Conditional Akt activation promotes androgen-independent progression of prostate cancer

• Published in: Carcinogenesis (New York) Vol. 28; no. 3; pp. 572 - 583
• Main Authors: Li, Benyi, Sun, Aijing, Youn, Hyewon, Hong, Yan, Terranova, Paul F., Thrasher, J.Brantley, Xu, Pingyi, Spencer, David
• Format: Journal Article
• Language: English
• Published: Oxford Oxford University Press 01.03.2007; Oxford Publishing Limited (England)

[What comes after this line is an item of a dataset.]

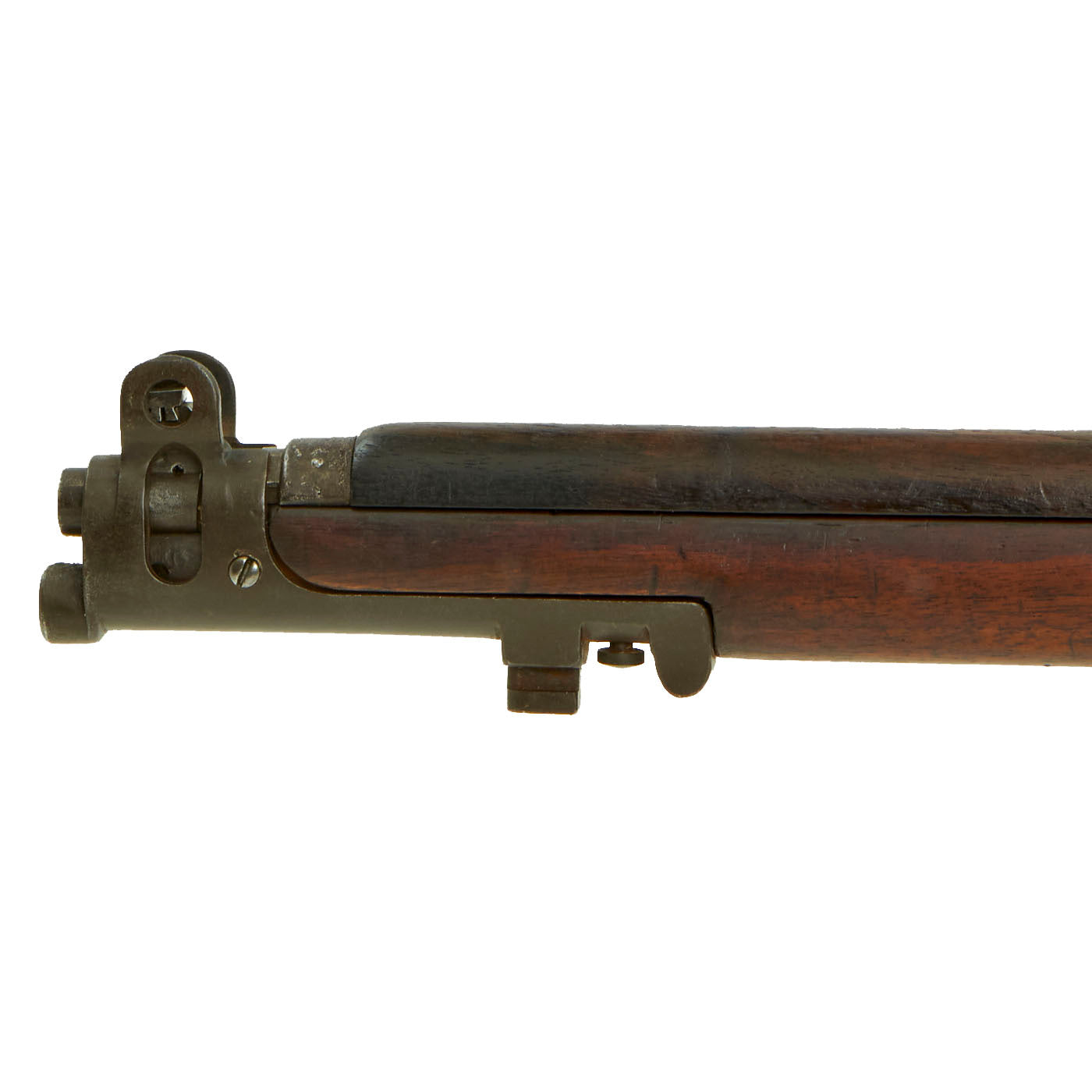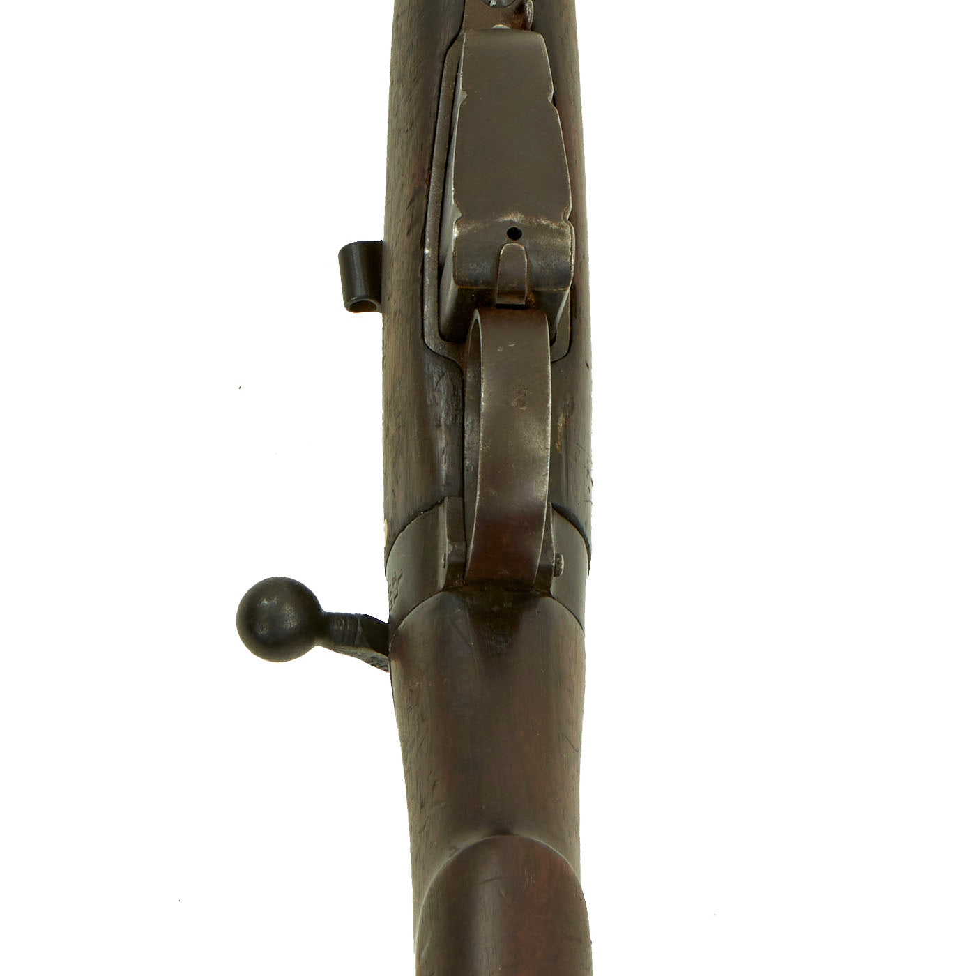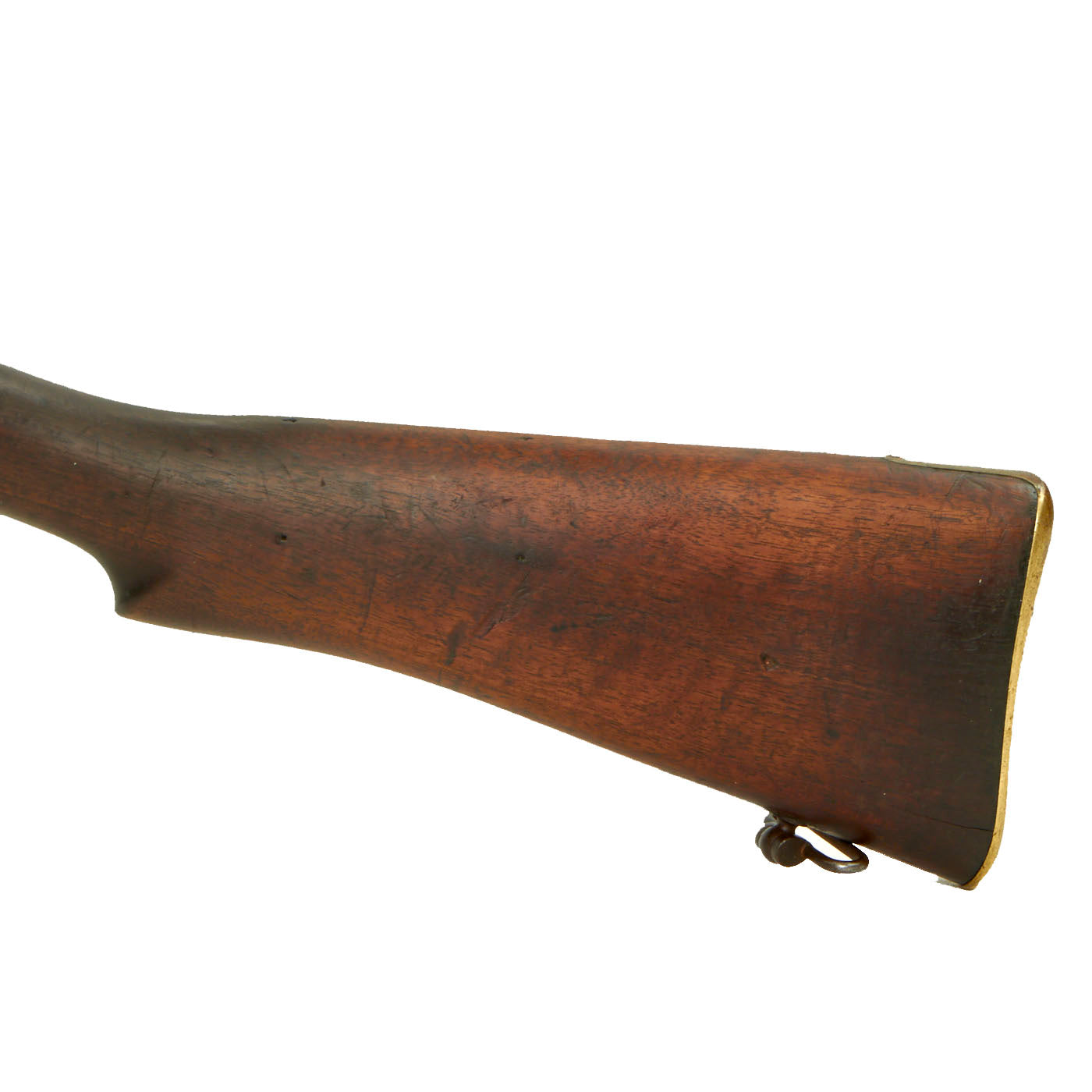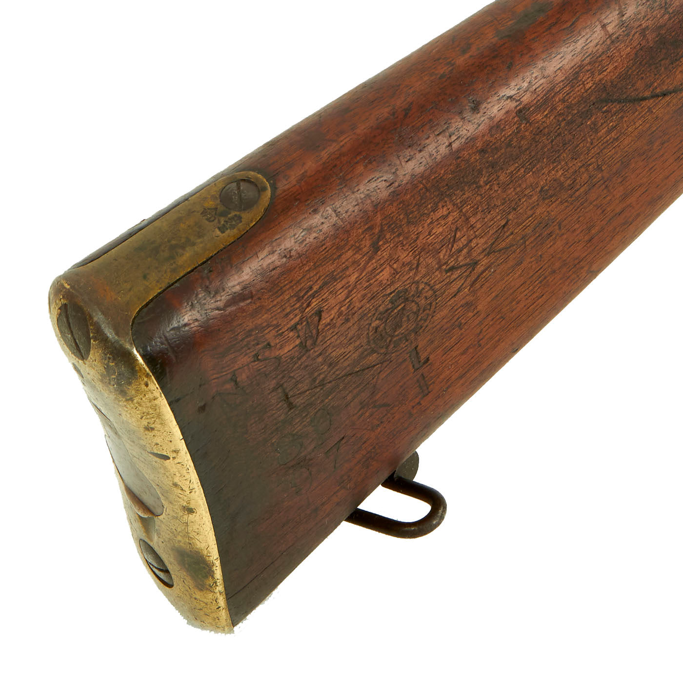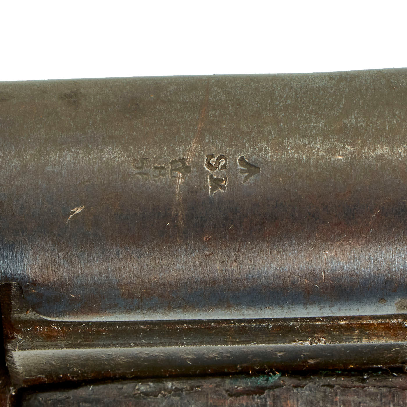 This rifle has definitely seen extensive service, and there are numerous proofs and markings on the stock and metal, some of which are no longer completely legible. It has several "opposed broad arrow" markings, for rifles sold out of military service. The receiver is marked with serial number 1548 / E, while the other numbers on the rifle are not matching.

• Subjects: Androgens - physiology; Animals; Biological and medical sciences; Carcinogenesis, carcinogens and anticarcinogens; Cell Division; Cell Line, Tumor; Cell Survival; Culture Media; Dimerization; Disease Progression; Enzyme Activation; Gynecology. Andrology. Obstetrics; Humans; Male; Male genital diseases; Medical sciences; Mice; Mice, Nude; Nephrology. Urinary tract diseases; Prostatic Neoplasms - enzymology; Prostatic Neoplasms - pathology; Proto-Oncogene Proteins c-akt - metabolism; Transplantation, Heterologous; Tumors; Tumors of the urinary system; Urinary tract. Prostate gland; Urinary system disease; Prostate disease; Androgen; Hormonoindependence; Tumor progression; Akt protein kinase; Malignant tumor; Sex steroid hormone; Male genital diseases; Prostate cancer
• ISSN: 0143-3334; 1460-2180
• DOI: 10.1093/carcin/bgl193

Aggressive androgen-independent (also termed as hormone-refractory) prostate cancer is a major clinical obstacle because there is no means to cure. Previous studies have shown that Akt activation is associated with prostate cancer progression from androgen-dependent to androgen-independent stage. However, its causative role in this process has not been established. One of the major limitations is the lack of a well-controlled inducible system to study Akt involvement. Recently, we developed a novel inducible Akt (iAKT) system based on a chemically induced dimerization (CID) approach. This system allows for conditional activation of Akt in a physiological setting. Utilizing this iAKT system, we found that Akt activation prevented cell death after serum withdrawal and promoted cell proliferation in the absence of androgen in vitro in human prostate cancer LNCaP cells, which should stop growing after androgen withdrawal or even die after serum starvation. The iAKT-induced death protection and growth promotion were further demonstrated in vivo using a transgenic mouse model that expresses the iAKT system conditionally in the prostate epithelium. Most importantly, in a mouse xenograft model derived from LNCaP cells, iAKT activation promoted tumor growth in castrated animals by enhancing cell proliferation and inhibiting apoptosis. Taken together, our data suggest that Akt activation is playing a causative role in androgen-independent progression of prostate cancer. This study provides a significant relevance of Akt-targeted therapy for hormone-refractory prostate cancers.